WORK ORDER: Set down exactly the lines below between the line holding "Its leaves are" and the line holding "贵州大学明德学院关于解除陈婷等8名学生违纪处分的公示", inclusive; no other line belongs in the answer.

RECORDS FOR THIS EXERCISE:
════════

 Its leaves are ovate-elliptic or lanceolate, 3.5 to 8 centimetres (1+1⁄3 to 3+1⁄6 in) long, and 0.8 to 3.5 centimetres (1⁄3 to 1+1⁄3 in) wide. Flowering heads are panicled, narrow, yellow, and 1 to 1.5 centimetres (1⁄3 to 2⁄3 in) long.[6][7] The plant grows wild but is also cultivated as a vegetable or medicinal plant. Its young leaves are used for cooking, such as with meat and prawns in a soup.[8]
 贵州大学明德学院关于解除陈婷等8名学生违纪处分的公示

════════

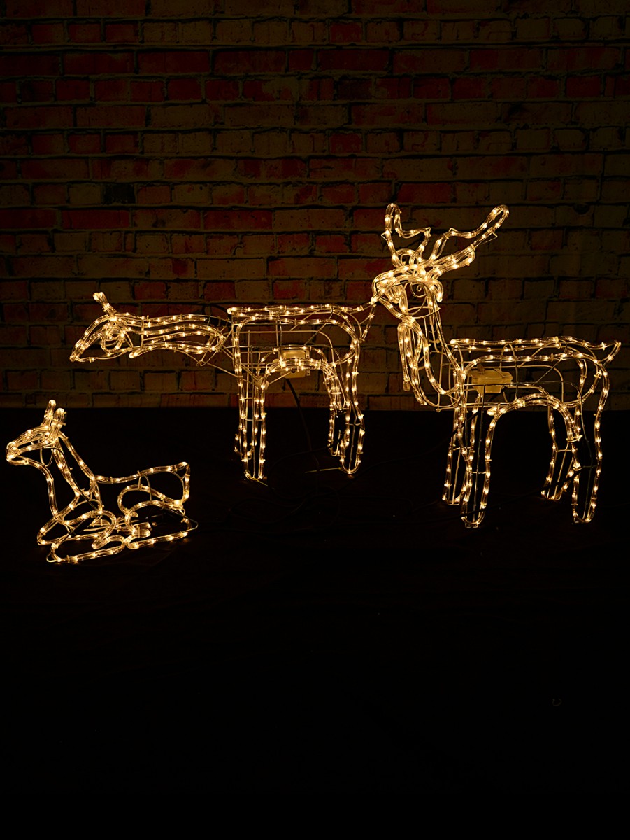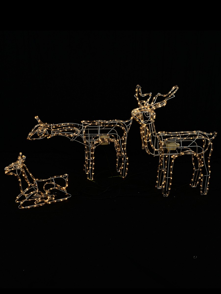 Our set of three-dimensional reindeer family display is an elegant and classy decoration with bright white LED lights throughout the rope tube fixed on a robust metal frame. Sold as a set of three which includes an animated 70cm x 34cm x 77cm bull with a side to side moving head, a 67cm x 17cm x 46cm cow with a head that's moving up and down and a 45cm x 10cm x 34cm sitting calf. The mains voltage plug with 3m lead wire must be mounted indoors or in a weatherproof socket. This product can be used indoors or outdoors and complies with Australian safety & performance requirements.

════════

COMPLETED TASK:
 Its leaves are ovate-elliptic or lanceolate, 3.5 to 8 centimetres (1+1⁄3 to 3+1⁄6 in) long, and 0.8 to 3.5 centimetres (1⁄3 to 1+1⁄3 in) wide. Flowering heads are panicled, narrow, yellow, and 1 to 1.5 centimetres (1⁄3 to 2⁄3 in) long.[6][7] The plant grows wild but is also cultivated as a vegetable or medicinal plant. Its young leaves are used for cooking, such as with meat and prawns in a soup.[8]
 贵州大学明德学院关于解除陈婷等8名学生违纪处分的公示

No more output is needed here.